Tenere presente questi parametri aiuta a valutare la dimensione di alcune esperienze politiche e anche la fondatezza di certe letture politiche o giornalistiche.(…) Cosa fa Berlusconi in questo quadro? Non bisogna attribuirgli responsabilità che non sono sue:passività televisivachiusura individualistaattenzione maniacale ai consumi privati

Non sono modelli di comportamento derivati dal berlusconismo.
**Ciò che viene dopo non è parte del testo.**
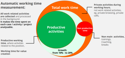 - Working time is measured automatically, making work processes transparent, with automatic online calculation of productivity.

È piuttosto una tendenza in atto dagli anni ’50 – ’60 e amplificata dal modello neoliberista imposto al mondo a partire dagli anni ’80 dagli Stati Uniti e dalla Gran Bretagna. Qual è allora la particolarità del caso italiano?1.      Uso particolare che ha fatto del degrado democratico. Nel 1984 ha realizzato un monopolio della televisione privata nazionale grazie al non controllo di Autority e istituzioni politiche. È un caso unico al mondo. Inoltre ha fatto un uso politico intenso dei programmi televisivi, tanto da indurre il parlamento a varare una assurda legge di regolamentazione della propaganda elettorale detta “par condicio”.
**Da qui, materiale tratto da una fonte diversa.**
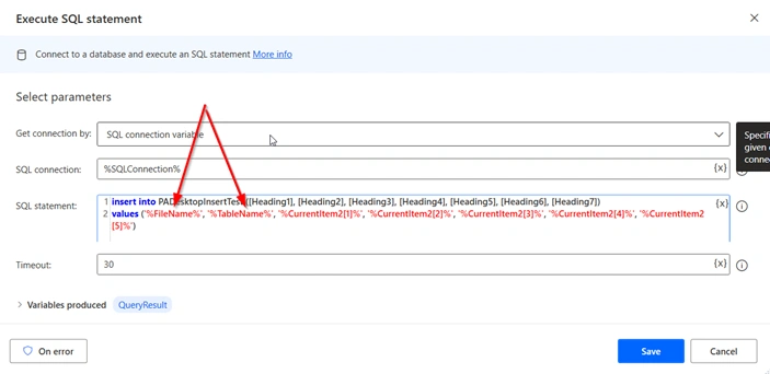 Please also note that the SQL syntax requires that the value to be inserted be enclosed in single quotes. Therefore, to insert the a value for the CurrentItem2 variable, it will need to look something like ‘%CurrentItem2[1]%'

2.      Considerazione dello stato e della sfera pubblica.

Tutte le destre europee e democratiche rispettano lo stato e la sfera pubblica. Per Berlusconi non esistono zone franche e regole pubbliche al di sopra degli interessi privati: tutto è consumo, tutto è privatizzabile, tutto si può comprare e usare a proprio piacimento.

3.      Esplicito sostegno all’imprenditoria autonoma e aggressione al “ceto medio riflessivo”.[5]

La serie di leggi anti-stato come i condoni, le norme che indeboliscono i vincoli sulla sicurezza sul lavoro, l’abolizione del reato di falso in bilancio, il rientro dei capitali nascosti all’estero a una tassazione ridicola (5%), agevolazioni fiscali di vario genere … colgono in pieno il favore di categorie generalmente ostili all’invadenza statale.

È altrettanto esplicito l’attacco alla scuola, alla magistratura, alle fondazioni culturali; una crisi del settore indotta dalle politiche del governo prima ancora che dalla crisi economica mondiale.

4.      Viene spaccato il corpo sociale del paese. La retorica del “con me o contro di me” trasforma il paese e ogni questione nazionale in un gigantesco plebiscito a favore o contro Berlusconi. Non c’è problematica che non tocchi interessi privati del presidente del consiglio e non c’è problema privato del presidente che non si imponga come questione pubblica nazionale: l’Italia nel 150° della sua nascita, nel pieno della più grave crisi economica dal 1933, appare come sprofondata in una palude – economica, culturale, sociale e politica – da cui niente e nessuno sembra in grado di farla uscire. 

[1] La rivoluzione culturale ha conosciuto in Europa una fortuna del tutto immeritata. Anziché come un dittatore in preda ormai a un delirio di onnipotenza, Mao fu interpretato come un grande condottiero sulla via della giustizia sociale. La rivoluzione culturale cinese è una pagina nera nella storia della Cina e del socialismo in generale.

[2] Per le considerazioni degli Stati Uniti in merito alla politica italiana degli anni Settanta, si veda Umberto Gentiloni Silveri, L’Italia sospesa. La crisi degli anni Settanta vista da Washington, 2009.

[3] Una buona ricostruzione delle dinamiche sociologiche dell’affermazione di questo modello culturale (e una spiegazione del declino inarrestabile della sinistra politica in Italia) si trova in “Il mostro mite” di Raffaele Simone, Laterza, 2008.

[4] “un documento essenziale per cogliere l’intrico di illegalità che era cresciuto negli anni Ottanta. Craxi conferma la diffusione della corruzione ma considera al tempo stesso la normale via giudiziaria quasi un atto eversivo, un attentato allo stato democratico.” Crainz, Autobiografia di una repubblica, p. 196.

[5] Secondo una fortunata definizione di Paul Ginsborg il ceto medio riflessivo è quell’insieme di cittadini occupati nel terzo settore, nella scuola, nel mondo dell’informazione e della cultura, nell’assistenza sociale o più genericamente come impiegati di concetti in aziende pubbliche o private.